8 Responses to “FOIA request and fee sent to the Department of Interior”

  1. Theodore F. Bindin
    March 6th, 2011 @ 9:25 am

    The way to go, Orly !

    You are reknown as a real sly attorney and know the in and outs and the backdoors to the hidden government information !

    Will one departments security clearing be sufficient to break Obamas neck (as the saying goes), or will you have to nudge other departments too ? The DOD must have built a huge file on Obama before giving him access to the famous Red Telephone and the Atomic War button.

  2. Chum Lee
    March 6th, 2011 @ 11:08 am

    President’s do not need security clearances at all. The source of law for security clearances are Executive Orders with the President delegating issuance authority.

    Reagan, Bush I, Clinton, Bush II, and now Obama never had to submit for a security clearance of any type.

  3. Thayne Doak
    March 6th, 2011 @ 1:52 pm

    Brilliant!! You just keep getting better every day! When this is all over, I hope you are nominated for a Freedom Award! Awesome!
    Thayne Doak

  4. Brian
    March 7th, 2011 @ 10:15 am

    Do you mean the DOD that imprisons its own American soldiers or another DOD?

  5. dr_taitz@yahoo.com
    March 7th, 2011 @ 3:38 pm

    I know. There is a reason, you will understand later

  6. Henry Tisdale
    March 8th, 2011 @ 6:45 am

    Well, Orly, it seems SCOTUS not only hears the fight between FOIA and corporations, but moreover decides in favor FOIA. The test case involved AT&T who felt their right to privacy as a corporation was violated.

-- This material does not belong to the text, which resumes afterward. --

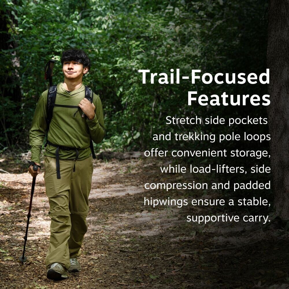 Utilize the front shove-it pocket, large stretch side pockets and trekking pole loops, while load-lifter straps, side compression and padded hipwings ensure a supportive, stable carry.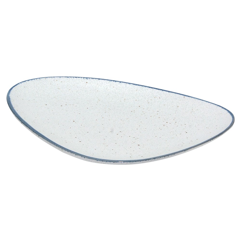 Organica Mare triangular plate, porcelain, white with blue contours, 28 x 20.5cm

    Here is an article today which raises the question, “Does our Public Figure, President Obama hold such privacy AGAINST the people who elected him?”

    By Brent Kendall
    Published March 01, 2011

    “WASHINGTON -(Dow Jones)- The U.S. Supreme Court on Tuesday limited the ability of corporations to block the public disclosure of documents filed with the government, ruling that personal-privacy rights do not apply to corporations under the Freedom of Information Act.
    The high court ruled unanimously against AT&T Inc. which was seeking to block the disclosure of emails and other potentially embarrassing documents it provided to the Federal Communications Commission during a 2004 agency investigation of whether the telecommunications giant overbilled the New London, Conn., public schools.
    The court, in an opinion by Chief Justice John Roberts, said corporations don’t get to enjoy certain personal-privacy exemptions included in FOIA, a key public disclosure law.
    “The protection in FOIA against disclosure of law enforcement information on the ground that it would constitute an unwarranted invasion of personal privacy does not extend to corporations,” Roberts wrote. ‘We trust that AT&T will not take it personally.’”

  7. Henry Tisdale
    March 8th, 2011 @ 7:08 am

    Chum Lee, those “uninvestigated” presidents you named were unmistakably AMERICANS, and all of them were likely cleared as military officers, as I was. It is not a trivial little thing having your security clearance background checked. One will sign one’s life away swearing one is a truthful man.

    Obama, with his Muslim name, and his secretive sealing of all his records, including the only thing which could support his claim to being an American citizen, provides sufficient grounds for the FBI to investigate his background thoroughly. Had they done this, we would know exactly where he was born. But then, if the CIA did in fact groom him and pay (from our pockets) his college fees, etc., said FBI would not touch his background. War between high intelligence constabularies?? No way. LOL

  8. John
    March 8th, 2011 @ 5:57 pm

    “There is a reason, you will understand later”

    The first statement is probably true, but unfortunately it only exists in Orly’s head. The probability of the second statement coming true is very low indeed.